Abdur Razzak Tai, 79, of Kissimmee, Fla., who practiced cardiology under the name A. Razzak Tai, M.D., and through Tri-County Doctors, Inc. and Medical Legal Consultants, Inc., had been indicted on six counts of mail fraud and seven counts of wire fraud relating to a scheme to defraud a class action settlement established by Wyeth Pharmaceuticals to compensate patients injured by Fen-Phen, a drug that is also the subject of mass tort litigation across the country.

The U.S. Attorney’s Office for the Eastern District of Pennsylvania announced Sept. 14 that Tai faces up to 20 years in prison for his crimes.

U.S. District Court Judge Juan R. Sanchez, of the federal court in Philadelphia, has scheduled a sentencing hearing for December.

According to the U.S. Attorney’s Office, between 1997 and 2009, Tai devised a scheme to defraud the trust that had been started by American Home Products Corp., later known as Wyeth, and to obtain money and property from the company by means of false and fraudulent representations.

Tai would review echocardiograms of more than 1,110 patients who had filed claims with the American Home Product Settlement Trust in Philadelphia and falsely certified that the patients’ tests showed they had suffered heart damage relating to their ingestion of Fen-Phen.

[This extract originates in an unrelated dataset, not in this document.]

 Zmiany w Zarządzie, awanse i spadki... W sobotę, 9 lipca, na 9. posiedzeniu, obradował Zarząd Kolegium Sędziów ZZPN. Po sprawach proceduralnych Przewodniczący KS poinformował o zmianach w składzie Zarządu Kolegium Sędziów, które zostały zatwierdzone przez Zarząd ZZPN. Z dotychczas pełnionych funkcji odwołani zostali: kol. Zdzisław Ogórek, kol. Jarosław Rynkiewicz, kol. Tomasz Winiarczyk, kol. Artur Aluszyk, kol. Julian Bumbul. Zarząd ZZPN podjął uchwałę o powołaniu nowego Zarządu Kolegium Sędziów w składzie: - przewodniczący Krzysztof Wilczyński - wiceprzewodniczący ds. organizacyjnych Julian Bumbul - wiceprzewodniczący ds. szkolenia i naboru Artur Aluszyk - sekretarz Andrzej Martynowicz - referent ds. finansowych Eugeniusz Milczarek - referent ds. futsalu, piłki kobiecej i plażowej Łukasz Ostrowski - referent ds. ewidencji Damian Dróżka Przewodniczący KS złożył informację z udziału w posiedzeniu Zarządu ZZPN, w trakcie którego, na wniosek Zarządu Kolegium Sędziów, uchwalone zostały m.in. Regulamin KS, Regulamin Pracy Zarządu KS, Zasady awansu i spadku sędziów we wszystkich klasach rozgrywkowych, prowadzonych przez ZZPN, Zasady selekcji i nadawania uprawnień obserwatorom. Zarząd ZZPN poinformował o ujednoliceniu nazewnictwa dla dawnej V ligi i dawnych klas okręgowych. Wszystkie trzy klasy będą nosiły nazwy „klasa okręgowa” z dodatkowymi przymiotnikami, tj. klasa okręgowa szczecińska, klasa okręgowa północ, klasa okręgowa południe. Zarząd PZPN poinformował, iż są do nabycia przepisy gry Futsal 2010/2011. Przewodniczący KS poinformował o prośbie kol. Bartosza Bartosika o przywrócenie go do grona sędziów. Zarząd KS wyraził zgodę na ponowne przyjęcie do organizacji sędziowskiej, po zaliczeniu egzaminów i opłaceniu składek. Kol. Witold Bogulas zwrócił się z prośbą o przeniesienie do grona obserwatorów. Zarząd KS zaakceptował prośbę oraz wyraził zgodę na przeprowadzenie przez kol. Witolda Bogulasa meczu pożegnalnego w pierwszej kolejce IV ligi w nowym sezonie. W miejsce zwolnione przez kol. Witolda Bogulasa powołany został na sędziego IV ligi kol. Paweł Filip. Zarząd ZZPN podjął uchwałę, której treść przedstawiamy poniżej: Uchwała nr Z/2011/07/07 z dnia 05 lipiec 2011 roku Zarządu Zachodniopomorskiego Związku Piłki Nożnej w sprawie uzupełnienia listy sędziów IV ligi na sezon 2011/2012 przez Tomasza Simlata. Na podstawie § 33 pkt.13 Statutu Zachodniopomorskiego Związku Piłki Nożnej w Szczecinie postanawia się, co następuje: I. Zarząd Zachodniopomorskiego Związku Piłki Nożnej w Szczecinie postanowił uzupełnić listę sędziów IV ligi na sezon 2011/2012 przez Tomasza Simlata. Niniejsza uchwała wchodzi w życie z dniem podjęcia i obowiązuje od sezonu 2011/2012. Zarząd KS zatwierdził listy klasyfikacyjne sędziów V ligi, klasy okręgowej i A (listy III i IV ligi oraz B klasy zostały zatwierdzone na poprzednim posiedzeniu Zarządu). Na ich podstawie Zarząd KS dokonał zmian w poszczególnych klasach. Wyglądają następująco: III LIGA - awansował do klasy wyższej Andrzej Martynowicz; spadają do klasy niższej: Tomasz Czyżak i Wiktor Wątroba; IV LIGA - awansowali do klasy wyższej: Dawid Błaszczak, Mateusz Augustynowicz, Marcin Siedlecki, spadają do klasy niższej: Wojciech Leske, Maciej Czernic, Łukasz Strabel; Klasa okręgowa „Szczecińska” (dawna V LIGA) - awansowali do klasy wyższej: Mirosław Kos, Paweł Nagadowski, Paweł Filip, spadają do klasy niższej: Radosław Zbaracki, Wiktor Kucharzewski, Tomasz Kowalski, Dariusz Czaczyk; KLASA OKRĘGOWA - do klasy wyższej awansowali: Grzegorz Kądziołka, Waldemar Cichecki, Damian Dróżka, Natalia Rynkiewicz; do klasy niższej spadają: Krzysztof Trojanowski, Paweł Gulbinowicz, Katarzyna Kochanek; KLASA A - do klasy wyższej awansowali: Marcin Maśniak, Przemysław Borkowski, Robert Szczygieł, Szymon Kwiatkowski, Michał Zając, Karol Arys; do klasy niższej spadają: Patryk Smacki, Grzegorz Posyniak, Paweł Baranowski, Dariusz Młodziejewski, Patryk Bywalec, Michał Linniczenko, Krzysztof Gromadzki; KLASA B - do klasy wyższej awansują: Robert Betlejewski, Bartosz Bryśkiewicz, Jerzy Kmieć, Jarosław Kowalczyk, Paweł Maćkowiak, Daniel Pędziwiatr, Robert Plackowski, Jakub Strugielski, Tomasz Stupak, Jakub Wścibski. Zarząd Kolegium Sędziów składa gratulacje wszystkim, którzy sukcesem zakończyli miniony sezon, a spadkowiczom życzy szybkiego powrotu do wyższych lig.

In reality, the U.S. Attorney’s Office said, many of those patients had not been harmed at all.

“By misreporting measurements from the echocardiogram, the severity of a claimant’s medical condition could be exaggerated, thereby improperly qualifying the claimant for hundreds of thousands of dollars more in benefits,” states a news release from the U.S. Attorney’s Office. “Dr. Tai certified that some patients qualified for the increased settlement benefits when he knew they did not.”

For at least one attorney, the news release states, Tai was paid a set fee of $100 for each echocardiogram that he reviewed.

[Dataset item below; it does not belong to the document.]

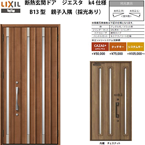 TOSTEM 断熱玄関ドア ジエスタ B13型デザイン k4仕様 親子入隅(採光あり)ドア

Tai was also paid $1,500 for each claimant who qualified for benefits when that patient’s claim was paid.

During his criminal trial in Philadelphia, the prosecutors’ office announced, Tai had testified on the stand that his medical reports had been forged by the mass tort lawyer who had hired him and who had paid him on a contingency fee basis.

The jury, however, didn’t buy Tai’s account, and eventually convicted the physician on all 13 counts against him after deliberating for less than two hours.